Gaining an Understanding of Ancient Ecosystems

Perillo said that by studying the fossils of long-extinct sea creatures, “we can understand how evolutionary laws shaped life, what led life to be what it is now,” he said. This is vital to gaining information about ancient ocean ecosystems and the animals that filled the food chains.

Source: Esther van Hulsen

“We can understand how changes in the environment recoil on ecological communities and predict future ecological developments in our current environment,” he added. So much about these giants is still shrouded by mystery, but one fossil at a time we will be able to unravel their secret.”

Is Ruby Reynolds the New Mary Anning?

Ruby Reynolds’s impressive discovery of this previously unknown species of ichthyosaur had naturally led to comparisons between her and Mary Anning.

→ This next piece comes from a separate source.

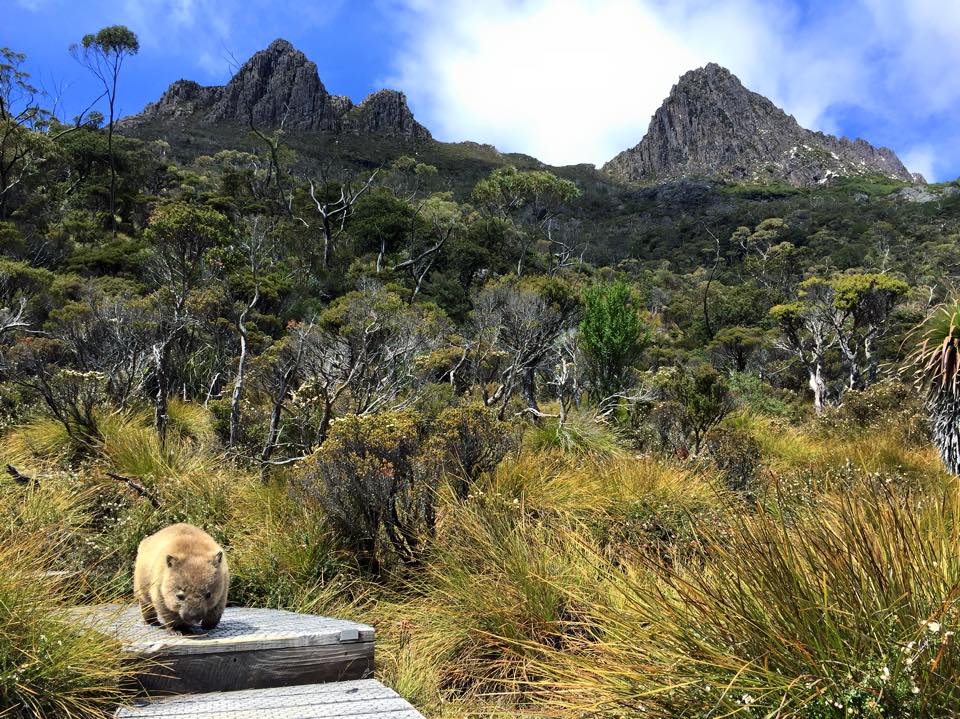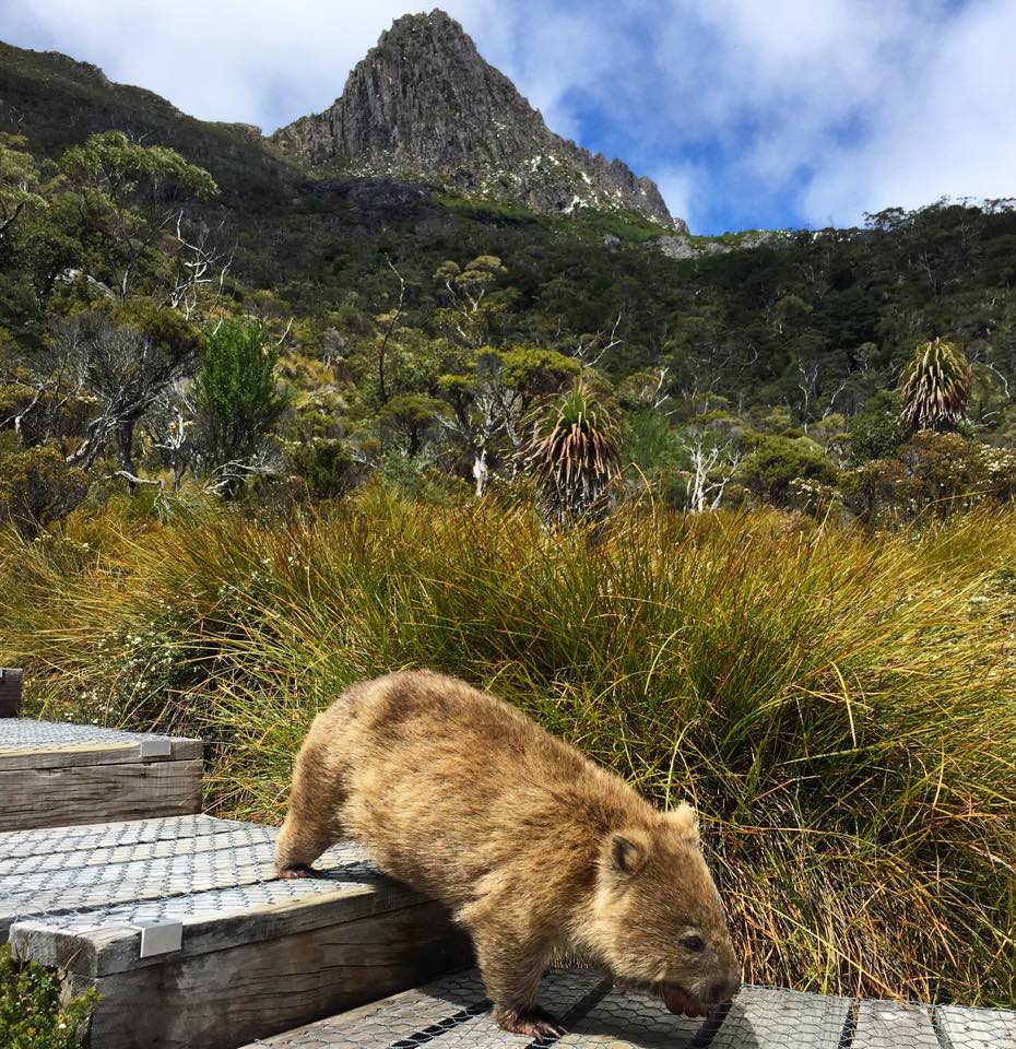 We had packed our lunch and decided to take the opportunity of a bench that sat right beneath the towering peaks of Cradle Mountain when we heard a rustle. The noise made me jump backwards. I thought the worst that the movement would be a snake or some other Australian animal out to get me, but out wobbled a friendly wombat having a scratch and taking no notice of us even being there. We couldn’t believe that no one was around as we took photos of him walking down the path like he was a tourist here to enjoy the scenery – such a cute little guy!

Anning, who lived from 1799 to 1847 and hailed from Lyme Regis, was just 12 years old when she and her older brother discovered the first ichthyosaur fossils.

Source: Wikimedia Commons

The Anning children supplemented their family’s meager income by finding and selling interesting fossils to curious collectors. In fact, the tongue-twister, “She Sells Seashells by the Seashore,” was written about Mary Anning.

The First Paleontologist?

Although she lacked a formal education, Mary Anning was a keen observer who learned how to identify the fossils she found. Her discoveries were made before the word “dinosaur” was even coined. In many ways, she was the world’s first paleontologist.

Source: Wikimedia Commons

Sadly, Mary Anning lived at a time when the scientific community downplayed the contributions of women. Her discoveries of ichthyosaur fossils were credited to others – well-to-do men – and her name was relegated to a footnote in science books until well after her death.

Channeling Her Inner Paleontologist

Dr. Lomax called Ruby Reynolds “a Mary Anning in the making.” He noted that “not only did she find this important fossil but also helped to name a type of gigantic prehistoric reptile. There are probably not many 15-year-olds who can say that!”  

Source: Sergey Krasovskiy

“But, whether or not Ruby goes down the path of paleontology or science, the important thing is that she and Justin and Paul have contributed immensely to paleontology and our understanding of the ancient world,” he added.

Paleontology Is an Accessible Science

According to Ruby Reynolds, “It was so cool to discover part of this gigantic ichthyosaur. I am very proud to have played a part in a scientific discovery like this.”

Source: Facebook/Dr Dean Lomax – Palaeontologist

For Lomax, the fact that a young girl made this important discovery is proof that paleontology is an accessible science. He enjoys working with amateur fossil hunters. He believes anyone can make a significant contribution to paleontology.